Abstract: Accelerating data science to speed up time-to-market, and democratizing data science for participants of different skill levels are critical in scaling data science practice for large organizations. Meanwhile, enterprise data science is a highly-complex, manual, and skill-dependent process, that requires considerable amount of database/dataframe operations to build data ETL/feature engineering pipelines as well as programming efforts to implement machine learning algorithms. This presentation discusses and demonstrates our core innovation in data science automation using an A.I.-powered feature engineering and automated machine learning. Fully integrated with PySpark on Jupyter Notebook, the end-to-end data science process is now simplified into a single line of code on Jupyter Notebook, significantly accelerating and democratizing enterprise data science.

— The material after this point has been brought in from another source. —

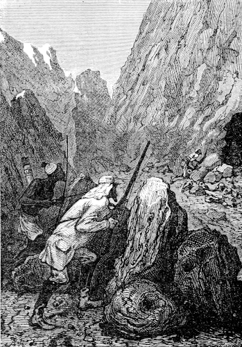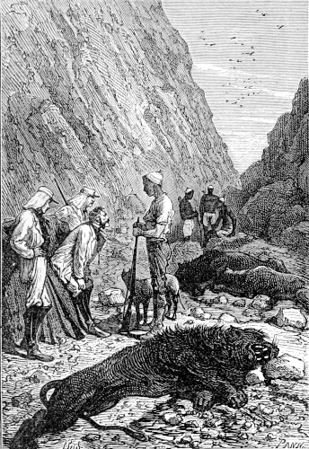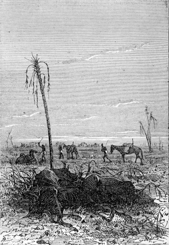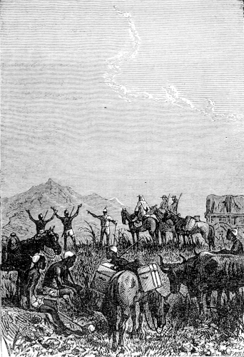 The hunter and the astronomer, lifting the beast by means of a pole placed across their shoulders, now left the head of the cataract, and in half an hour reached their encampment in a narrow gorge of the valley, where the waggon, guarded by two Bochjesman drivers, was waiting for them.

Bio: Aaron is currently the Vice President of Data Science and Solutions at dotData.

As a data science practitioner with 14 years of research and industrial experience, he has held various leadership positions in spearheading new product development in the fields of data science and business intelligence. At dotData, Aaron leads the data science team, responsible for product development and working directly with clients to solve their most challenging problems. Prior to joining dotData, he was a Data Science Principle Manager with Accenture Digital, responsible for architecting data science solutions and delivering business values for the tech industry on the West Coast. He was instrumental in the strategic expansion of Accenture Digital’s footprint in the data science market in North America.

Aaron received his Ph.D. degree in Applied Physics from Northwestern University.